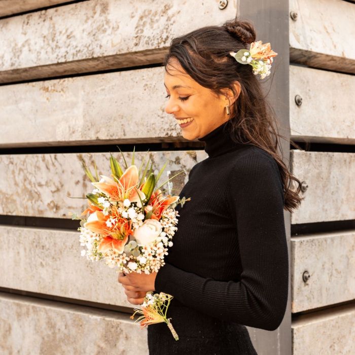 L'orange et le blanc ! Des lys orange de la série EMIKO devaient tout simplement faire partie du bouquet de mariée de Tamara. Ces fleurs textiles lumineuses ne sont pas seulement magnifiques, elles ont aussi une signification appropriée pour un mariage. En effet, les fleurs de lys orange symbolisent la passion, le bonheur et la joie. De plus, elles ont une floraison fascinante qui rend chaque bouquet élégant. Notre équipe créative a également réalisé les accessoires de cheveux assortis sous forme de serre-tête pour Tamara elle-même et sa demoiselle d'honneur, ainsi qu'une boutonnière assortie pour l'homme. Une combinaison parfaite pour cette occasion spéciale. Shop the Look!
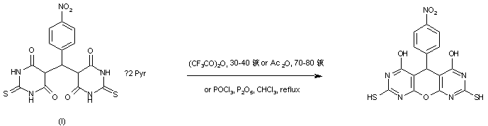 The title pyranodipyrimidine derivative is prepared by cyclization of 4-nitrobenzylidene bis-thiobarbituric acid pyridine salt (I) employing either trifluoroacetic anhydride at 30-40 C or in lower yields with acetic anhydride at 70-80 C. The cyclization of is also carried out in the presence of POCl3/P2O5 in refluxing chloroform.
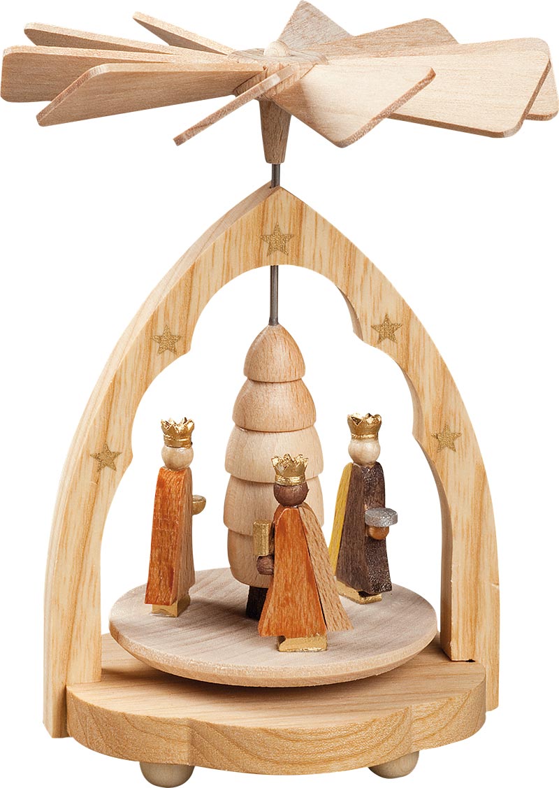 Weniger Farben, doch nicht weniger besonders! Ganz weihnachtlich wirkt die vom bekannten Hersteller Richard Glässer entworfene natürliche Szene. Durch den Aufstieg der Wärmeluft können die glaubwürdig aussehenden Heiligen Drei Könige der Erzgebirgischen Volkskunst sanft in Bewegung gebracht werden. So strahlt der mittig platzierte Weihnachtsbaum zusammen mit dem Glanz der goldenen Kronen die festlichen Gefühle aus!
....................
WORK ORDER
Repeat every line above precisely; pictures do not belong in the copy.

TASK RESPONSE
 L'orange et le blanc ! Des lys orange de la série EMIKO devaient tout simplement faire partie du bouquet de mariée de Tamara. Ces fleurs textiles lumineuses ne sont pas seulement magnifiques, elles ont aussi une signification appropriée pour un mariage. En effet, les fleurs de lys orange symbolisent la passion, le bonheur et la joie. De plus, elles ont une floraison fascinante qui rend chaque bouquet élégant. Notre équipe créative a également réalisé les accessoires de cheveux assortis sous forme de serre-tête pour Tamara elle-même et sa demoiselle d'honneur, ainsi qu'une boutonnière assortie pour l'homme. Une combinaison parfaite pour cette occasion spéciale. Shop the Look!
 The title pyranodipyrimidine derivative is prepared by cyclization of 4-nitrobenzylidene bis-thiobarbituric acid pyridine salt (I) employing either trifluoroacetic anhydride at 30-40 C or in lower yields with acetic anhydride at 70-80 C. The cyclization of is also carried out in the presence of POCl3/P2O5 in refluxing chloroform.
 Weniger Farben, doch nicht weniger besonders! Ganz weihnachtlich wirkt die vom bekannten Hersteller Richard Glässer entworfene natürliche Szene. Durch den Aufstieg der Wärmeluft können die glaubwürdig aussehenden Heiligen Drei Könige der Erzgebirgischen Volkskunst sanft in Bewegung gebracht werden. So strahlt der mittig platzierte Weihnachtsbaum zusammen mit dem Glanz der goldenen Kronen die festlichen Gefühle aus!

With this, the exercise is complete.